Question

这是我第一次在Stack Overflow上提问，所以如果我的问题太模糊或提供的信息不够，我会提前道歉。

基本上我遇到的问题是我的代码因TypeError而无法运行。

import string

f = open('data/hamlet.txt', 'r')
text = f.read()

alphabet_freq = []

for c in string.ascii_lowercase :
    alphabet_freq.append(text.count(c) + text.count(c.upper()))

alphabet_freq_sum = 0

for _ in alphabet_freq :
    alphabet_freq_sum +=_

letter_frequency = []

for _ in alphabet_freq :
    letter_frequency.append(( _ / alphabet_freq_sum) * 100)

alphabets = list(string.ascii_lowercase)

letter_frequency_in_freq_order = []

for _ in letter_frequency :
    letter_frequency_in_freq_order.append(letter_frequency.pop(max(letter_frequency)))

print(letter_frequency_in_freq_order,letter_frequency)

stacktrace

**make: *** [py3_run] 오류 1                                                                        
Traceback (most recent call last):                                                                
  File "Main.out", line 26, in <module>                                                           
    letter_frequency_in_freq_order.append(letter_frequency.pop(max(letter_frequency)))            
TypeError: integer argument expected, got float**

我认为fucntion max在浮动时不起作用。对？

Answer 1

pop获取从列表中删除的索引，并返回此索引上的值。

你没有给它一个索引 - 但是最大值 - 列表中的索引当然必须是整数。

你可以用.find()来解决问题 - 或者过度思考你的整个方法：

有时使用python库的某些知识更容易做事。

特别是：collections.Counter

这是一个很好的计数专业字典，它会传递你的整个文本一次，并为每个字符添加/增加其键。你正在调用.count() 26次 - 对于string.ascii_lowercase中的每个字符一次 - 每次遍历整个字符串以计算其中出现一次字符的时间。

from collections import Counter
import string

t = """This is not a hamlet text, just a few letters and words.
Including newlines to demonstrate how to optimize your approach.
Of counting character frequencies..."""

# if you want all characters starting with a zero count, you can add and remove them
# if you do not need all characters, skip this step and go to c.update()
c = Counter(string.ascii_lowercase)  # all have count of 1
c.subtract(string.ascii_lowercase)   # now all are present with count of 0

# count all characters, passes text once 
c.update(t.lower()) # you can input your file.read() here, any iterable will do

# sum all character counts
totalSum = sum(c.values()) 

# get the countings ordered max to min as tuples (Char,Count), modify 
# with list comprehension to your float values. They are still ordered 
top_n = [ (a,b/totalSum) for a,b in c.most_common()]

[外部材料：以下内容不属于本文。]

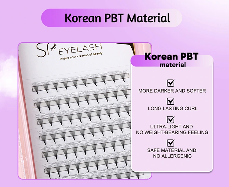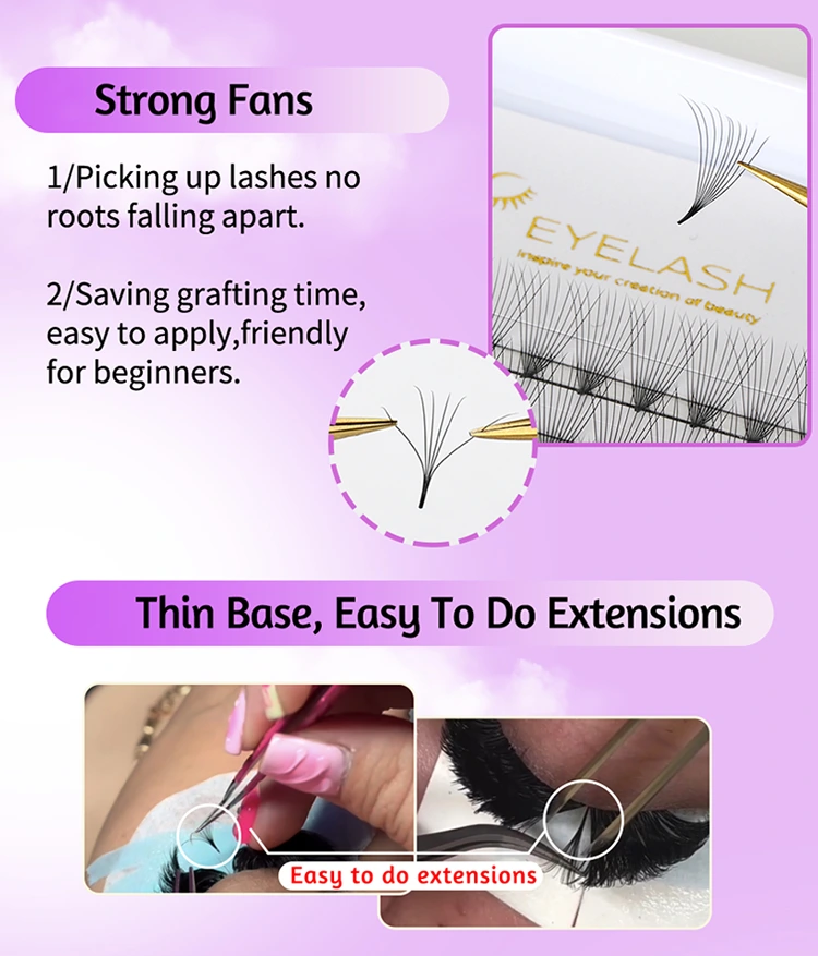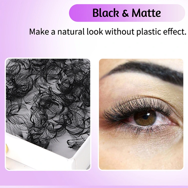 ປະລິມານ Mega-fluffy ແລະ Glamorous: fans handmade handmade lash ແມ່ນເຮັດດ້ວຍວັດສະດຸ PBT ສີດໍາ, ເຊິ່ງນໍາເອົາຜົນກະທົບທີ່ມີຄວາມຄ່ອງແຄ້ວແລະມີຄວາມໂດດເດັ່ນກວ່າ. ຂົນຕາປອມເຫຼົ່ານີ້ສາມາດເຮັດໃຫ້ຕາໂດດເດັ່ນແລະເຫມາະສົມກັບການສ້າງຮູບລັກສະນະທີ່ຈັບຕາ. ຜົນກະທົບສີດໍາທີ່ອ່ອນໂຍນເພີ່ມຄວາມຮູ້ສຶກທີ່ຫລູຫລາແລະອາຫານໂປດ, ເຫມາະສໍາລັບໂອກາດໃດໆ

# use this to strip f.e. .,! and \n from the output:
#     top_n = [ (a,b/totalSum) for a,b in c.most_common() if a in string.ascii_lowercase]

import pprint
pprint.pprint(c) 

pprint.pprint(top_n)

输出：

Counter({' ': 22,            't': 15,            'e': 14,            'o': 11,
         'n': 10,            'a': 9,             'i': 9,             'r': 8,
         's': 8,             'c': 6,             'h': 5,             'u': 5,
         '.': 5,             'd': 4,             'l': 4,             'w': 4,
         'f': 3,             'm': 3,             'p': 3,             'g': 2,
         '\n': 2,            'j': 1,             'q': 1,             'x': 1,
         'y': 1,             'z': 1,             ',': 1,             'b': 0,
         'k': 0,             'v': 0})

[(' ', 0.13924050632911392),     ('t', 0.0949367088607595),
 ('e', 0.08860759493670886),     ('o', 0.06962025316455696),
 ('n', 0.06329113924050633),     ('a', 0.056962025316455694),
 ('i', 0.056962025316455694),    ('r', 0.05063291139240506),
 ('s', 0.05063291139240506),     ('c', 0.0379746835443038),
 ('h', 0.03164556962025317),     ('u', 0.03164556962025317),
 ('.', 0.03164556962025317),     ('d', 0.02531645569620253),
 ('l', 0.02531645569620253),     ('w', 0.02531645569620253),
 ('f', 0.0189873417721519),      ('m', 0.0189873417721519),
 ('p', 0.0189873417721519),      ('g', 0.012658227848101266),
 ('\n', 0.012658227848101266),   ('j', 0.006329113924050633),
 ('q', 0.006329113924050633),    ('x', 0.006329113924050633),
 ('y', 0.006329113924050633),    ('z', 0.006329113924050633),
 (',', 0.006329113924050633),     
 ('b', 0.0),     ('k', 0.0),     ('v', 0.0)]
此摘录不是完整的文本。